→ **Work to complete**: With the line containing "Pure Cotton Animal" as the final line, restate exactly every line of the data below from the first one onward, and copy no pictures.

→ **Available data**:
++++++++

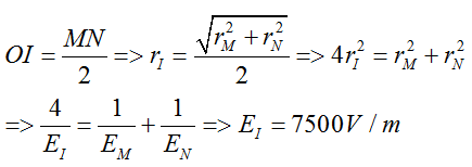 Bài 5: Tại điểm O trong không khí có một điện tích điểm. Hai điểm MN trong môi trường sao cho OM vuông góc ON. Cường độ điện trường tại M và N lần lượt là 5000 V/m và 3000 V/m. Cường độ điện trường tại trung điểm MN là?
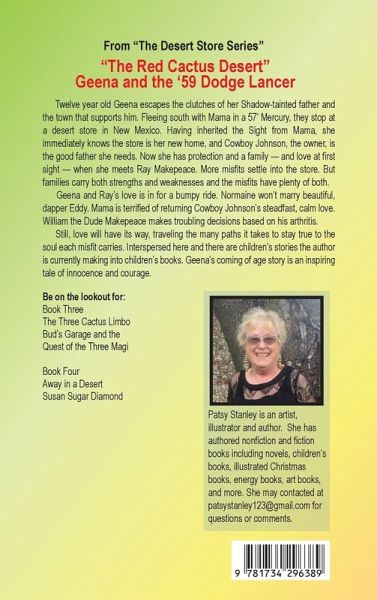 Twelve year old Geena escapes the clutches of her Shadow-tainted father and the town that supports him. Fleeing south with Mama in a 57' Mercury, they stop at a desert store in New Mexico. Having inherited the Sight from Mama, she immediately knows the store is her new home, and Cowboy Johnson, the owner, is the good father she needs. Now she has protection and a family - and love at first sight - when she meets Ray Makepeace. More misfits settle into the store. But families carry both strengths and weaknesses and the misfits have plenty of both. Geena and Ray's love is in for a bumpy ride. Normaine won't marry beautiful, dapper Eddy. Mama is terrified of returning Cowboy Johnson's steadfast, calm love. William the Dude Makepeace makes troubling decisions based on his arthritis. till, love will have its way, traveling the many paths it takes to stay true to the soul each misfit carries. Geena's coming of age story is an inspiring tale of innocence and courage.
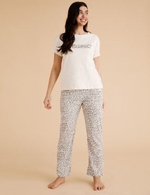 Pure Cotton Animal Print Pyjama Set M S Collection M S
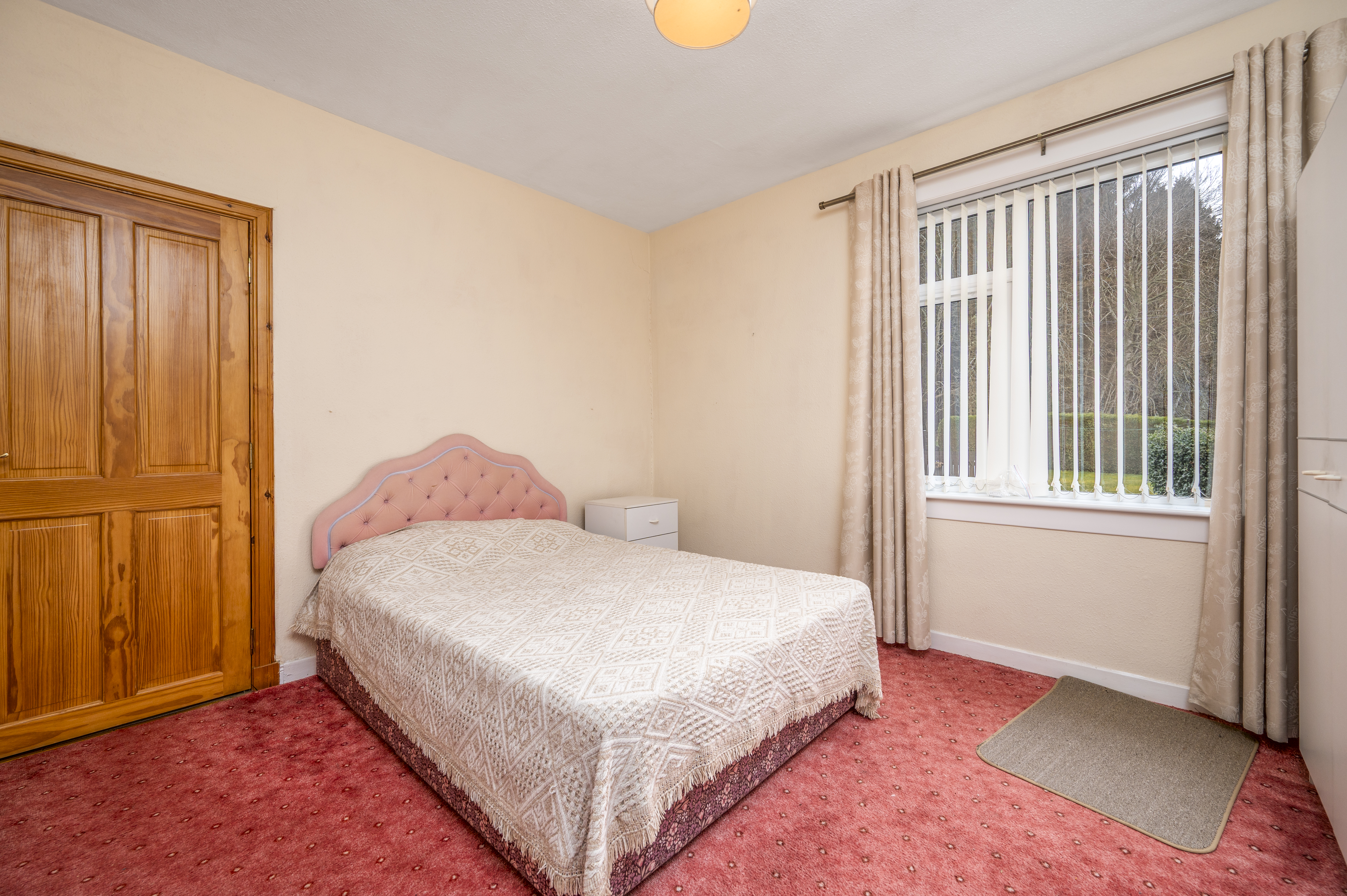 Nicely proportioned and bright bedroom with front facing window looking out towards Ben Bhraggie. Carpet. Curtains. Vertical blinds. Radiator.

++++++++

→ **Exercise answer**:
 Bài 5: Tại điểm O trong không khí có một điện tích điểm. Hai điểm MN trong môi trường sao cho OM vuông góc ON. Cường độ điện trường tại M và N lần lượt là 5000 V/m và 3000 V/m. Cường độ điện trường tại trung điểm MN là?
 Twelve year old Geena escapes the clutches of her Shadow-tainted father and the town that supports him. Fleeing south with Mama in a 57' Mercury, they stop at a desert store in New Mexico. Having inherited the Sight from Mama, she immediately knows the store is her new home, and Cowboy Johnson, the owner, is the good father she needs. Now she has protection and a family - and love at first sight - when she meets Ray Makepeace. More misfits settle into the store. But families carry both strengths and weaknesses and the misfits have plenty of both. Geena and Ray's love is in for a bumpy ride. Normaine won't marry beautiful, dapper Eddy. Mama is terrified of returning Cowboy Johnson's steadfast, calm love. William the Dude Makepeace makes troubling decisions based on his arthritis. till, love will have its way, traveling the many paths it takes to stay true to the soul each misfit carries. Geena's coming of age story is an inspiring tale of innocence and courage.
 Pure Cotton Animal Print Pyjama Set M S Collection M S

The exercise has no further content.